Difference Between Similar Terms and Objects

Difference Between Gross and Net Income.

Gross vs Net Income.

Many people face utter confusion when asked to state the difference between gross and net income.  To be fully in control of your finances you need to understand the tangible differences between the two. Both personal and business finances can be greatly affected if you lack this relevant knowledge.

As an employee, your wages are determined by numerous factors. Your pay slip will contain a set of two figures. The first number is classed as your ‘gross income’.  It is the amount your employer has agreed to pay you for either a week or months worth of work before the government charges you any taxes. This calculation becomes a slightly more complex if you run a business or large corporation. In order to calculate your gross income from the business, you first need to take away the cost of the goods. An easy calculation is as follows; Cost per unit of sales ‘“ total cost of goods sold = Gross profit. If your calculation generates a negative figure, it is unfortunate, but your company has made no money during the financial year.

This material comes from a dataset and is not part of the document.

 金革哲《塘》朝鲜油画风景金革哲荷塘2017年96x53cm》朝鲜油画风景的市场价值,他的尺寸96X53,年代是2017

Now comes the tricky bit because we live in a democratic society we are expected to pay a certain level of tax to the state. The government looks at the amount we earn. The level of your gross income determines what level of tax you have to pay. The more you earn, the more you have to pay. Different countries have different levels of deductions and the government has the right to deduct your gross income accordingly. You can often find yourself with an extremely depleted final figure after all the taxations are deducted.

Business Net Income is even more confusing for the business owner. Net income is calculated by subtracting not only the cost of goods, but also any operating expenses that have occurred while running your business. The list that you can claim for is endless. Of course the benefits of this are that the more you deduct, the lower your income becomes and the less the government can tax you for.

Summary

  1. For an individual, gross income is the salary that your employer pays you before deductions.
  2. For a company, gross income is established by the following calculation: Cost per unit of sales ‘“ total cost of goods = Gross Profit.
  3. Both individual employees and businesses pay tax in relation to their gross salary or profit.
  4. Many different taxes are deducted from your earnings
  5. Once the tax has been deducted from your gross earnings, you are left with what is known as your net income.